[PROBLEM DESCRIPTION] Please copy the lines below, exactly as they are, from the one with "Zaha Hadid Architects" through the one with "MANAUS – 10/02/2026", and leave out the pictures.

[DATASET RECORDS]
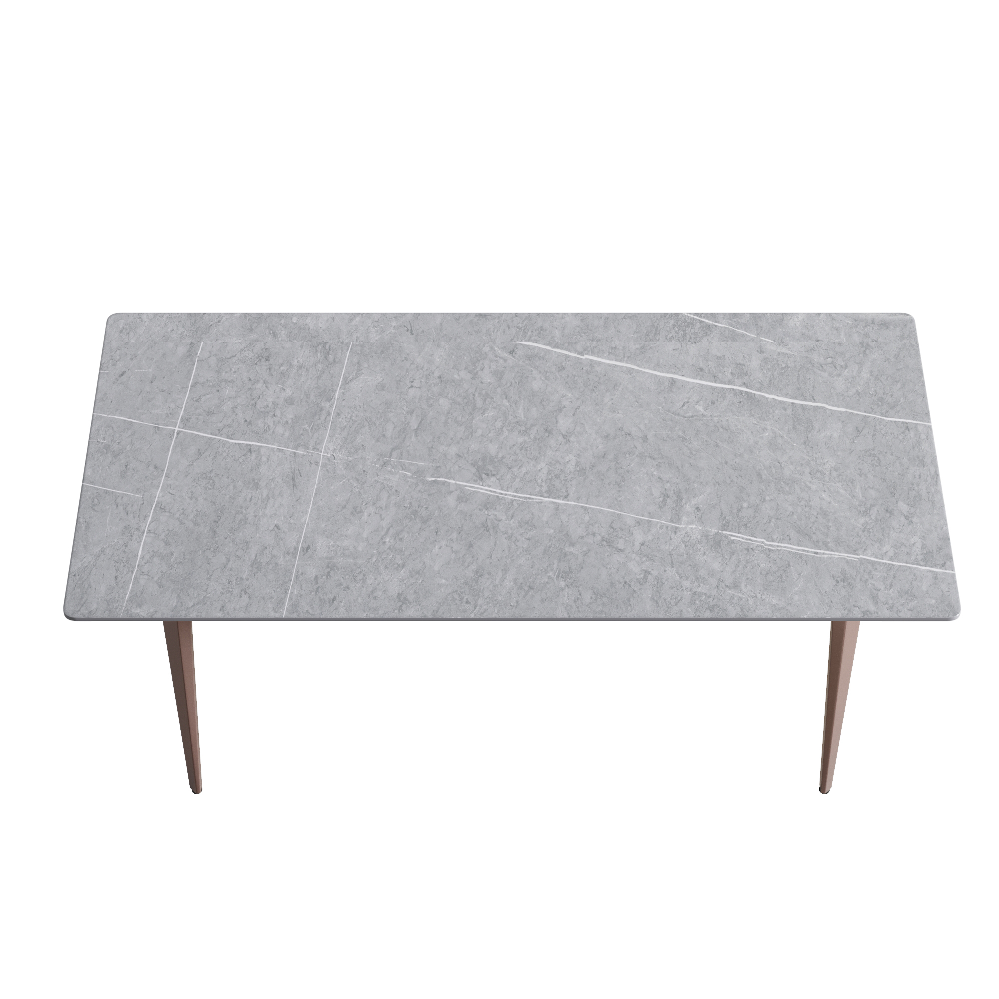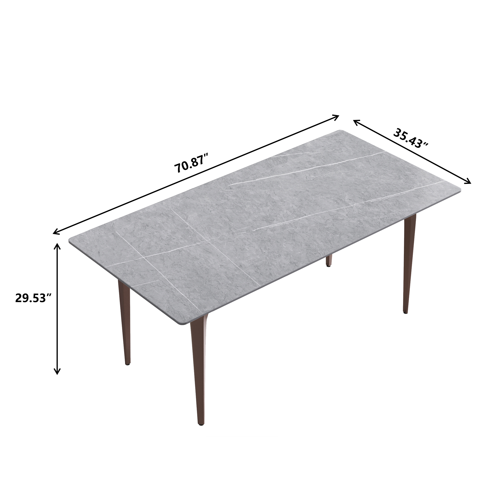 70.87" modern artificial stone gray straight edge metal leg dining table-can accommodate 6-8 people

...

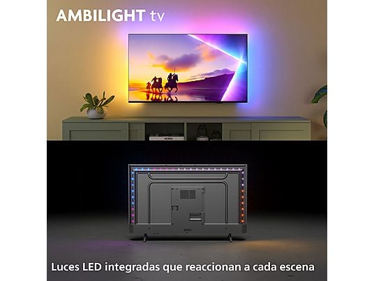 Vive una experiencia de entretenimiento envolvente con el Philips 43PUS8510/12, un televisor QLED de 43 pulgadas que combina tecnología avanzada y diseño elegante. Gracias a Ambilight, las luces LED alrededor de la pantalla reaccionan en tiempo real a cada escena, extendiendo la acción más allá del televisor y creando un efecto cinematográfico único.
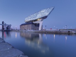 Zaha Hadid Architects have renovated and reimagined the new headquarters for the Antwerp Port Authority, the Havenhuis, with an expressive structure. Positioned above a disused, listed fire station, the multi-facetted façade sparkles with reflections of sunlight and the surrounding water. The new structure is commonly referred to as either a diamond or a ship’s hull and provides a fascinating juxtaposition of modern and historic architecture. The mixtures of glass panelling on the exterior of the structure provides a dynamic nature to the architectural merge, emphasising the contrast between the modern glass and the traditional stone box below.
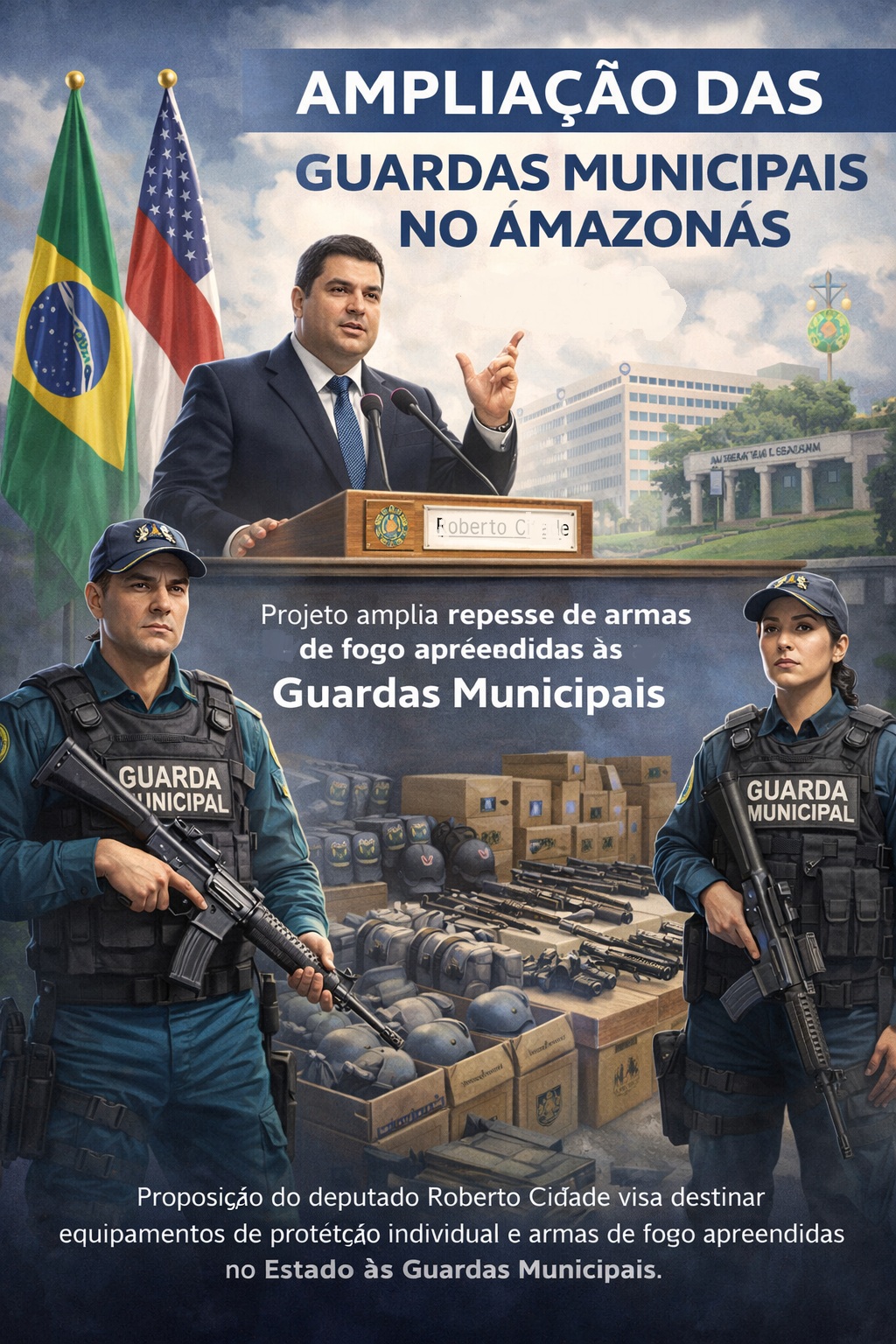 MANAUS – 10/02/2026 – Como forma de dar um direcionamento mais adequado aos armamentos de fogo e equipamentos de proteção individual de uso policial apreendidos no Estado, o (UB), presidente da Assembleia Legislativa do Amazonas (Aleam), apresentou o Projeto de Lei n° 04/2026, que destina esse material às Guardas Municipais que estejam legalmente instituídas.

[SOLUTION TO THE PROBLEM]
 Zaha Hadid Architects have renovated and reimagined the new headquarters for the Antwerp Port Authority, the Havenhuis, with an expressive structure. Positioned above a disused, listed fire station, the multi-facetted façade sparkles with reflections of sunlight and the surrounding water. The new structure is commonly referred to as either a diamond or a ship’s hull and provides a fascinating juxtaposition of modern and historic architecture. The mixtures of glass panelling on the exterior of the structure provides a dynamic nature to the architectural merge, emphasising the contrast between the modern glass and the traditional stone box below.
 MANAUS – 10/02/2026 – Como forma de dar um direcionamento mais adequado aos armamentos de fogo e equipamentos de proteção individual de uso policial apreendidos no Estado, o (UB), presidente da Assembleia Legislativa do Amazonas (Aleam), apresentou o Projeto de Lei n° 04/2026, que destina esse material às Guardas Municipais que estejam legalmente instituídas.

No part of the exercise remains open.